**Data shown:**
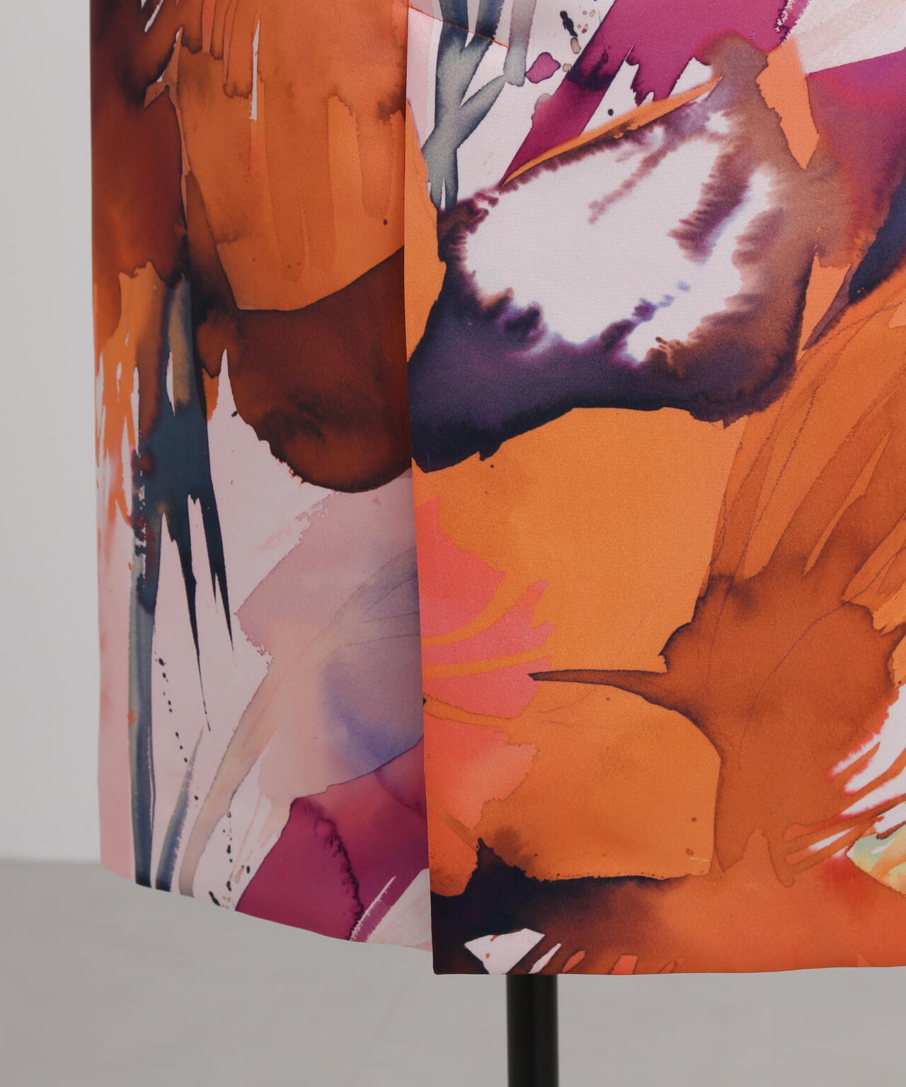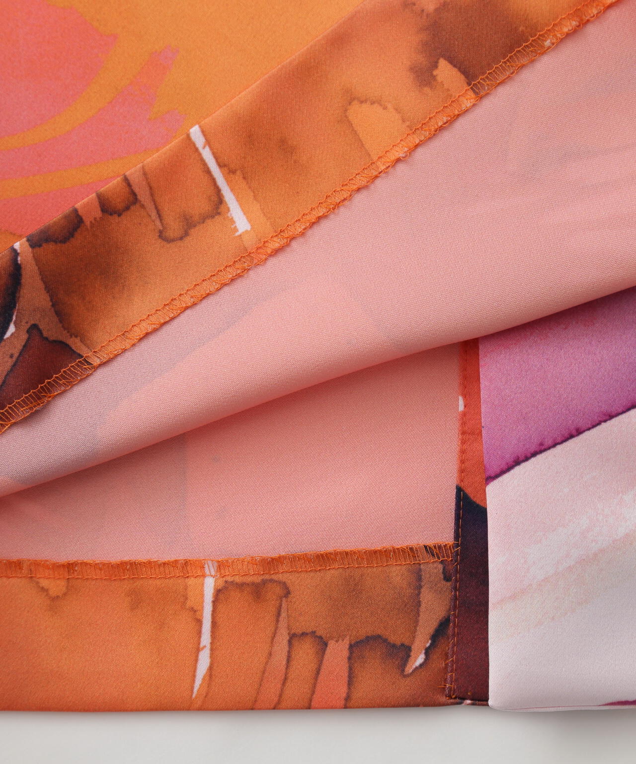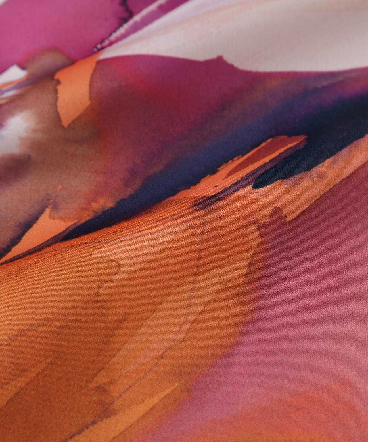北イタリア屈指のリゾート地・コモ湖近郊に拠点を構える〈SILK-CO(シルク・コー)社〉の、アートのように美しいプリント生地を使用した、贅沢な一着。
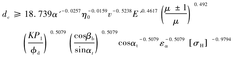 Where α is the pressure angle; V is the linear speed, M / S; N1 is the driving wheel speed, R / min.
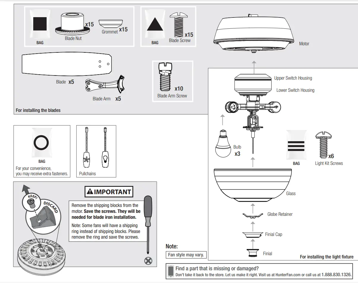 Please do not ship your fan or any fan parts to Hunter. Delivery will be refused.
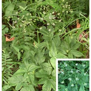 名前が分かりません 花枝は米印のように セリ科? 自然を生かした公園 入り口からしばらくは石畳の坂道 水吐け土砂流出防止でしょうか 降りは疲れた足にきつい 再度10月に訪問しイワミツバと分かりました
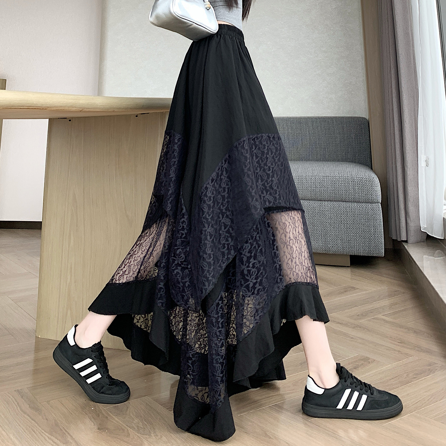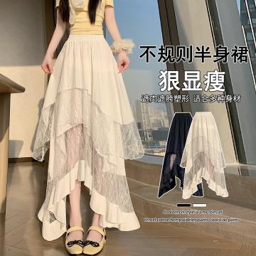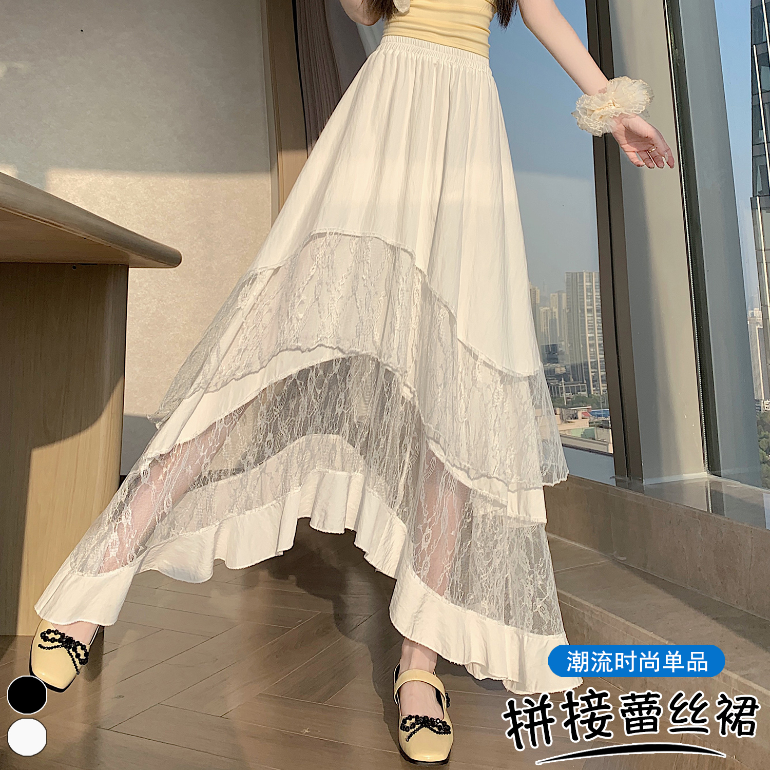 BY16467# 设计感韩版不规则拼接蕾丝荷叶边蛋糕裙女高腰显瘦A字伞裙夏 服裝批發女裝批發服飾貨源
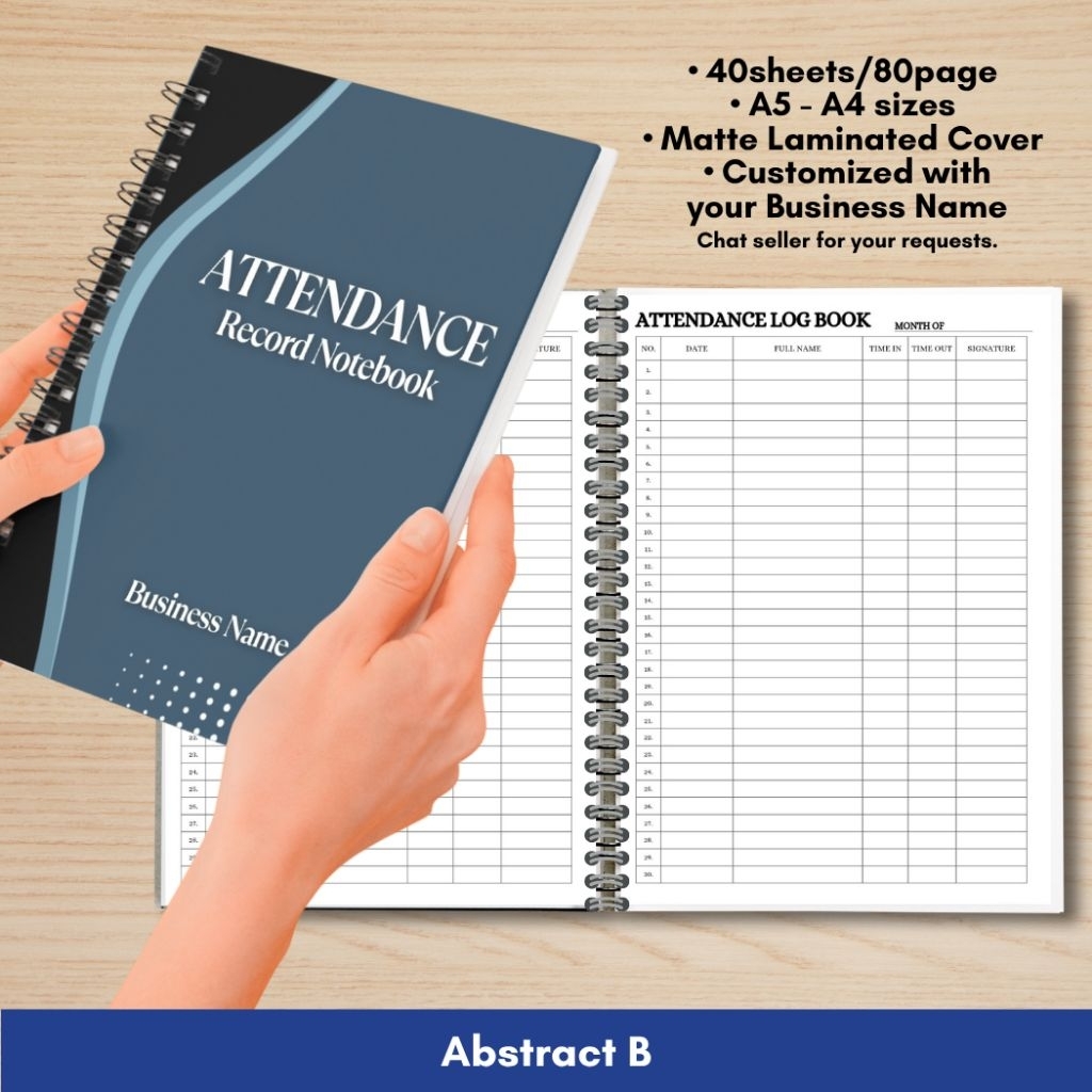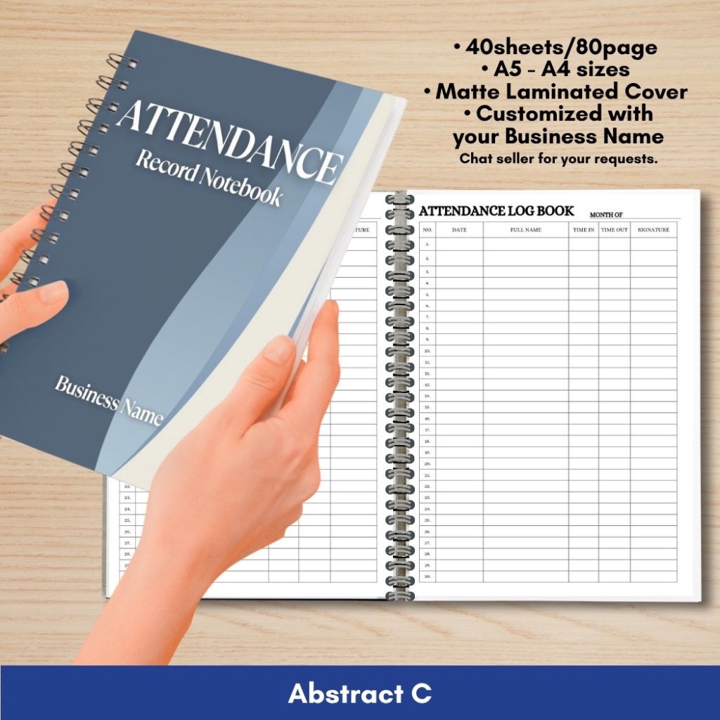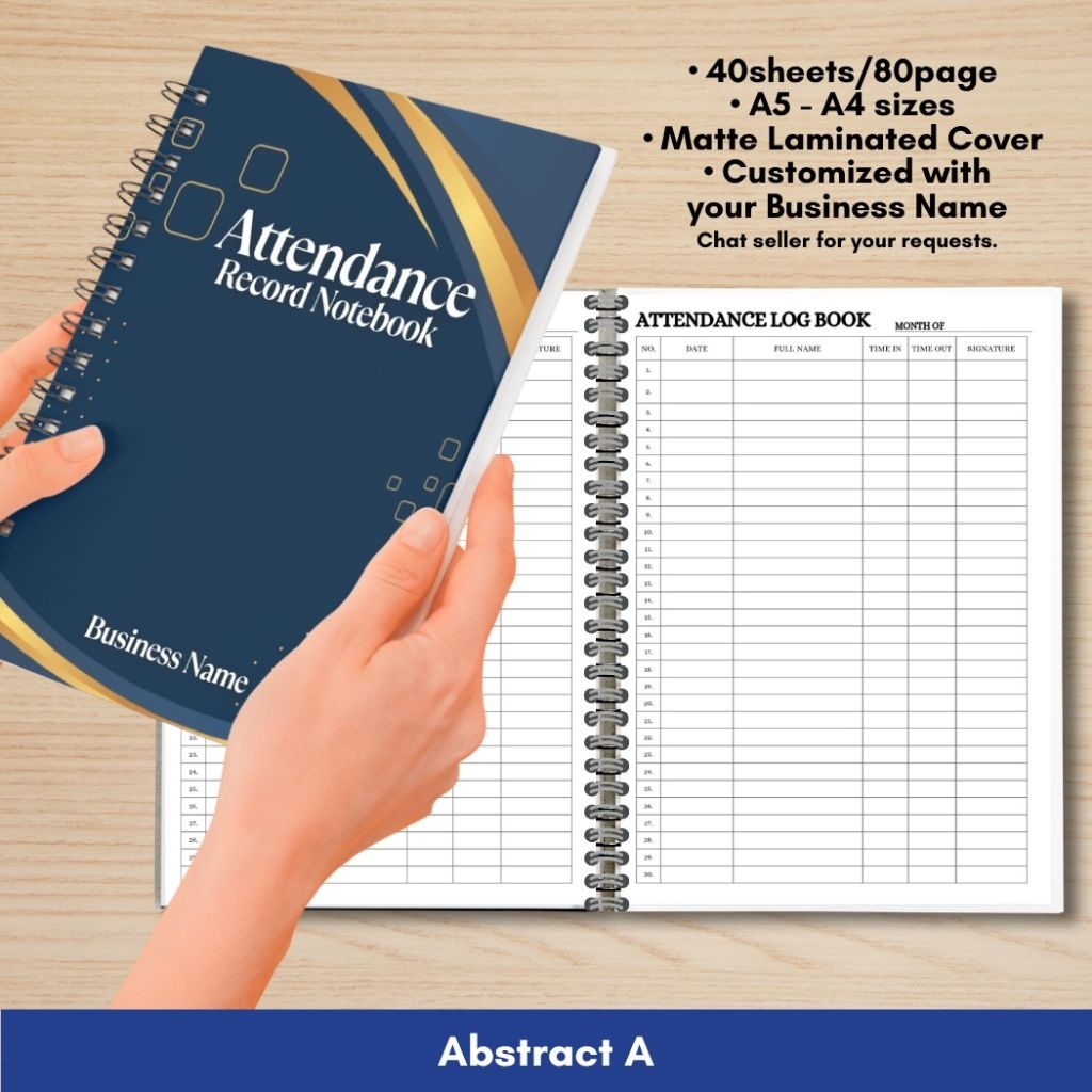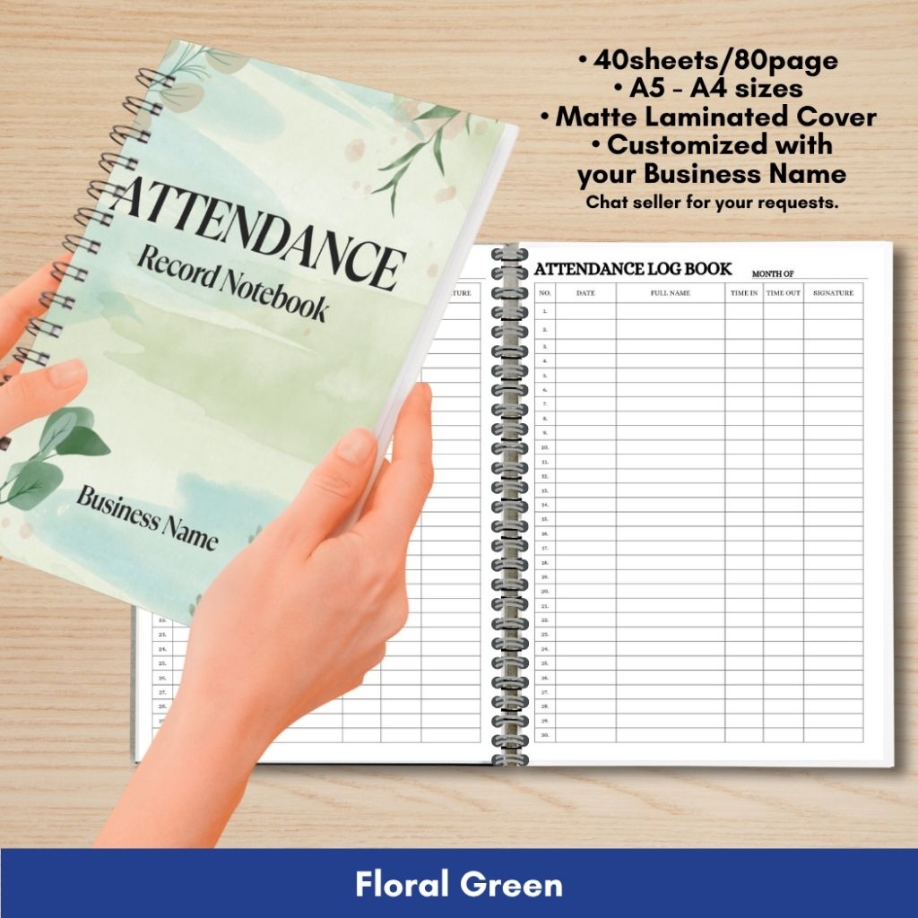 ATTENDANCE RECORD NOTEBOOK for Business/Freelancers A5 and A4 size Wire binded Matte Laminated Cover
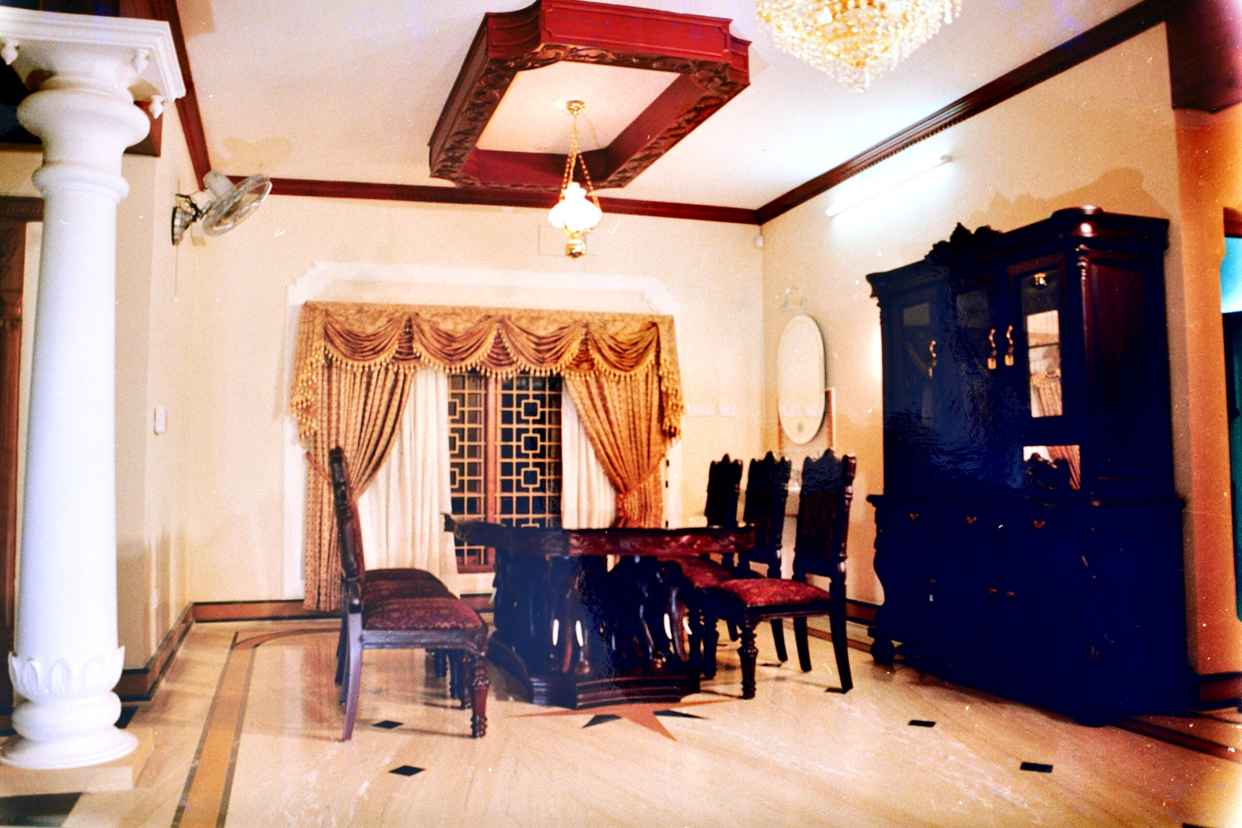 Dining Room: 1 dining area with 6 seater table and cutlery shelf on Ground floor (Elephant Carving done on table)

**About this task:**
Would you please write out exactly the lines between the line containing "Please do not" and the last line of the listing above, inclusive, without pictures?

**Response to this exercise:**
 Please do not ship your fan or any fan parts to Hunter. Delivery will be refused.
 名前が分かりません 花枝は米印のように セリ科? 自然を生かした公園 入り口からしばらくは石畳の坂道 水吐け土砂流出防止でしょうか 降りは疲れた足にきつい 再度10月に訪問しイワミツバと分かりました
 BY16467# 设计感韩版不规则拼接蕾丝荷叶边蛋糕裙女高腰显瘦A字伞裙夏 服裝批發女裝批發服飾貨源
 ATTENDANCE RECORD NOTEBOOK for Business/Freelancers A5 and A4 size Wire binded Matte Laminated Cover
 Dining Room: 1 dining area with 6 seater table and cutlery shelf on Ground floor (Elephant Carving done on table)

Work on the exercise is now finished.